:: DATA RECORDS ::

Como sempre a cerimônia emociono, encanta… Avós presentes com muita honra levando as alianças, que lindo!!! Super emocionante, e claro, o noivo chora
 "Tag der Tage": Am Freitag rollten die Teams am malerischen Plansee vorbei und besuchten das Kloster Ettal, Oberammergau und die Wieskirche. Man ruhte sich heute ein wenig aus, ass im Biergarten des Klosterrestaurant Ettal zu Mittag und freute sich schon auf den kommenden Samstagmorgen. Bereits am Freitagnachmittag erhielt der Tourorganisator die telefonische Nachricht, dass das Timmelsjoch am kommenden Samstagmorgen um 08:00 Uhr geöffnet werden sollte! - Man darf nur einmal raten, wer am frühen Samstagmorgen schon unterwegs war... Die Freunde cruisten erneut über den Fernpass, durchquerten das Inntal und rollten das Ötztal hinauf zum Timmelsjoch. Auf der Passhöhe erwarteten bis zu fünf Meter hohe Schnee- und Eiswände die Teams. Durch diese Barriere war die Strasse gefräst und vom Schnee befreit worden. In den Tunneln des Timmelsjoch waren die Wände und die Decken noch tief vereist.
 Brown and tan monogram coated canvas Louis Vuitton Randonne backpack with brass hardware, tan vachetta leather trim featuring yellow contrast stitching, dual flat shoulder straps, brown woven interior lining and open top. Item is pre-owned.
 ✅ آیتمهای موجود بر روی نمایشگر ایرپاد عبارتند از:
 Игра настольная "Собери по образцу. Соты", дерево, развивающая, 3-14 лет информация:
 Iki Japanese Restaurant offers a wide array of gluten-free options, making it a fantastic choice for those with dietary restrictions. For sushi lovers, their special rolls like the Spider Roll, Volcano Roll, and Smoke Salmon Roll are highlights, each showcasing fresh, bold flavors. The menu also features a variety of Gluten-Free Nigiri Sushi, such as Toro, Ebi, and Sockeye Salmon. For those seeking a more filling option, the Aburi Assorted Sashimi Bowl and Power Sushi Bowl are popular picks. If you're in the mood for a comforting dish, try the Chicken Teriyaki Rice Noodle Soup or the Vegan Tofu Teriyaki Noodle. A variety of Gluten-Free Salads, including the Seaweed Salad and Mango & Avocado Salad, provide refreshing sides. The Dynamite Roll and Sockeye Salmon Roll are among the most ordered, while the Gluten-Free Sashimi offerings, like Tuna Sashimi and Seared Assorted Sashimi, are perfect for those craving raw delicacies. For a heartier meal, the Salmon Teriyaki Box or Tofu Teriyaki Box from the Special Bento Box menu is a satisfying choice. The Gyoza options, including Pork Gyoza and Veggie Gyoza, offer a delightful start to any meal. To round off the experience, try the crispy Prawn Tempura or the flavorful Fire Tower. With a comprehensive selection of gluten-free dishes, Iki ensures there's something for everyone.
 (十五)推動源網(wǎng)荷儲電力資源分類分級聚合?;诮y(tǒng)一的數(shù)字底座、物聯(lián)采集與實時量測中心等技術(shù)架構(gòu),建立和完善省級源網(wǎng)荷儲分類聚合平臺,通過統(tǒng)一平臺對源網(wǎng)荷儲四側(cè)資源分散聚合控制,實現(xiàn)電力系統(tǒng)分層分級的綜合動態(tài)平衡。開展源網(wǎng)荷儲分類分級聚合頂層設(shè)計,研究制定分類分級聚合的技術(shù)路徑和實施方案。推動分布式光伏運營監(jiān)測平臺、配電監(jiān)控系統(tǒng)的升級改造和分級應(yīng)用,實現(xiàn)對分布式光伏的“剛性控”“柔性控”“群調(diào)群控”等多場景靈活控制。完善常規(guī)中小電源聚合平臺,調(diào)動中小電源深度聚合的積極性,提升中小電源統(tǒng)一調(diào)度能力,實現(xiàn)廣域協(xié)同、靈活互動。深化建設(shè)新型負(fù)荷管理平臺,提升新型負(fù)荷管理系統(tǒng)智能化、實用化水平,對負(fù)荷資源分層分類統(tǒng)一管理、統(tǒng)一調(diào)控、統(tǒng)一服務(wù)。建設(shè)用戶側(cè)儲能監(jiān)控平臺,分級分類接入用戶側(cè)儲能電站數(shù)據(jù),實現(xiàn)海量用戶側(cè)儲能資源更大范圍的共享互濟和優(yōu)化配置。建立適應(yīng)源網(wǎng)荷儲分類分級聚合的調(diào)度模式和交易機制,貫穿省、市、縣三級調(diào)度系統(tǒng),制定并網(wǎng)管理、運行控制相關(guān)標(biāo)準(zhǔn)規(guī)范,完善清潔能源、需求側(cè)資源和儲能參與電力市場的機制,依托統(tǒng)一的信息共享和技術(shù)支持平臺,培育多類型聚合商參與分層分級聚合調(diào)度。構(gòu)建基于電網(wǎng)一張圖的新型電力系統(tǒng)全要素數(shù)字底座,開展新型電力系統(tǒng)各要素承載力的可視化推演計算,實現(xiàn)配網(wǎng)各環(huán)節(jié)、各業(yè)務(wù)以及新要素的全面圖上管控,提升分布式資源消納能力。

:::

## WORK REQUIRED
Return all of the material above exactly as it stands.

## TASK RESPONSE
Como sempre a cerimônia emociono, encanta… Avós presentes com muita honra levando as alianças, que lindo!!! Super emocionante, e claro, o noivo chora
 "Tag der Tage": Am Freitag rollten die Teams am malerischen Plansee vorbei und besuchten das Kloster Ettal, Oberammergau und die Wieskirche. Man ruhte sich heute ein wenig aus, ass im Biergarten des Klosterrestaurant Ettal zu Mittag und freute sich schon auf den kommenden Samstagmorgen. Bereits am Freitagnachmittag erhielt der Tourorganisator die telefonische Nachricht, dass das Timmelsjoch am kommenden Samstagmorgen um 08:00 Uhr geöffnet werden sollte! - Man darf nur einmal raten, wer am frühen Samstagmorgen schon unterwegs war... Die Freunde cruisten erneut über den Fernpass, durchquerten das Inntal und rollten das Ötztal hinauf zum Timmelsjoch. Auf der Passhöhe erwarteten bis zu fünf Meter hohe Schnee- und Eiswände die Teams. Durch diese Barriere war die Strasse gefräst und vom Schnee befreit worden. In den Tunneln des Timmelsjoch waren die Wände und die Decken noch tief vereist.
 Brown and tan monogram coated canvas Louis Vuitton Randonne backpack with brass hardware, tan vachetta leather trim featuring yellow contrast stitching, dual flat shoulder straps, brown woven interior lining and open top. Item is pre-owned.
 ✅ آیتمهای موجود بر روی نمایشگر ایرپاد عبارتند از:
 Игра настольная "Собери по образцу. Соты", дерево, развивающая, 3-14 лет информация:
 Iki Japanese Restaurant offers a wide array of gluten-free options, making it a fantastic choice for those with dietary restrictions. For sushi lovers, their special rolls like the Spider Roll, Volcano Roll, and Smoke Salmon Roll are highlights, each showcasing fresh, bold flavors. The menu also features a variety of Gluten-Free Nigiri Sushi, such as Toro, Ebi, and Sockeye Salmon. For those seeking a more filling option, the Aburi Assorted Sashimi Bowl and Power Sushi Bowl are popular picks. If you're in the mood for a comforting dish, try the Chicken Teriyaki Rice Noodle Soup or the Vegan Tofu Teriyaki Noodle. A variety of Gluten-Free Salads, including the Seaweed Salad and Mango & Avocado Salad, provide refreshing sides. The Dynamite Roll and Sockeye Salmon Roll are among the most ordered, while the Gluten-Free Sashimi offerings, like Tuna Sashimi and Seared Assorted Sashimi, are perfect for those craving raw delicacies. For a heartier meal, the Salmon Teriyaki Box or Tofu Teriyaki Box from the Special Bento Box menu is a satisfying choice. The Gyoza options, including Pork Gyoza and Veggie Gyoza, offer a delightful start to any meal. To round off the experience, try the crispy Prawn Tempura or the flavorful Fire Tower. With a comprehensive selection of gluten-free dishes, Iki ensures there's something for everyone.
 (十五)推動源網(wǎng)荷儲電力資源分類分級聚合?;诮y(tǒng)一的數(shù)字底座、物聯(lián)采集與實時量測中心等技術(shù)架構(gòu),建立和完善省級源網(wǎng)荷儲分類聚合平臺,通過統(tǒng)一平臺對源網(wǎng)荷儲四側(cè)資源分散聚合控制,實現(xiàn)電力系統(tǒng)分層分級的綜合動態(tài)平衡。開展源網(wǎng)荷儲分類分級聚合頂層設(shè)計,研究制定分類分級聚合的技術(shù)路徑和實施方案。推動分布式光伏運營監(jiān)測平臺、配電監(jiān)控系統(tǒng)的升級改造和分級應(yīng)用,實現(xiàn)對分布式光伏的“剛性控”“柔性控”“群調(diào)群控”等多場景靈活控制。完善常規(guī)中小電源聚合平臺,調(diào)動中小電源深度聚合的積極性,提升中小電源統(tǒng)一調(diào)度能力,實現(xiàn)廣域協(xié)同、靈活互動。深化建設(shè)新型負(fù)荷管理平臺,提升新型負(fù)荷管理系統(tǒng)智能化、實用化水平,對負(fù)荷資源分層分類統(tǒng)一管理、統(tǒng)一調(diào)控、統(tǒng)一服務(wù)。建設(shè)用戶側(cè)儲能監(jiān)控平臺,分級分類接入用戶側(cè)儲能電站數(shù)據(jù),實現(xiàn)海量用戶側(cè)儲能資源更大范圍的共享互濟和優(yōu)化配置。建立適應(yīng)源網(wǎng)荷儲分類分級聚合的調(diào)度模式和交易機制,貫穿省、市、縣三級調(diào)度系統(tǒng),制定并網(wǎng)管理、運行控制相關(guān)標(biāo)準(zhǔn)規(guī)范,完善清潔能源、需求側(cè)資源和儲能參與電力市場的機制,依托統(tǒng)一的信息共享和技術(shù)支持平臺,培育多類型聚合商參與分層分級聚合調(diào)度。構(gòu)建基于電網(wǎng)一張圖的新型電力系統(tǒng)全要素數(shù)字底座,開展新型電力系統(tǒng)各要素承載力的可視化推演計算,實現(xiàn)配網(wǎng)各環(huán)節(jié)、各業(yè)務(wù)以及新要素的全面圖上管控,提升分布式資源消納能力。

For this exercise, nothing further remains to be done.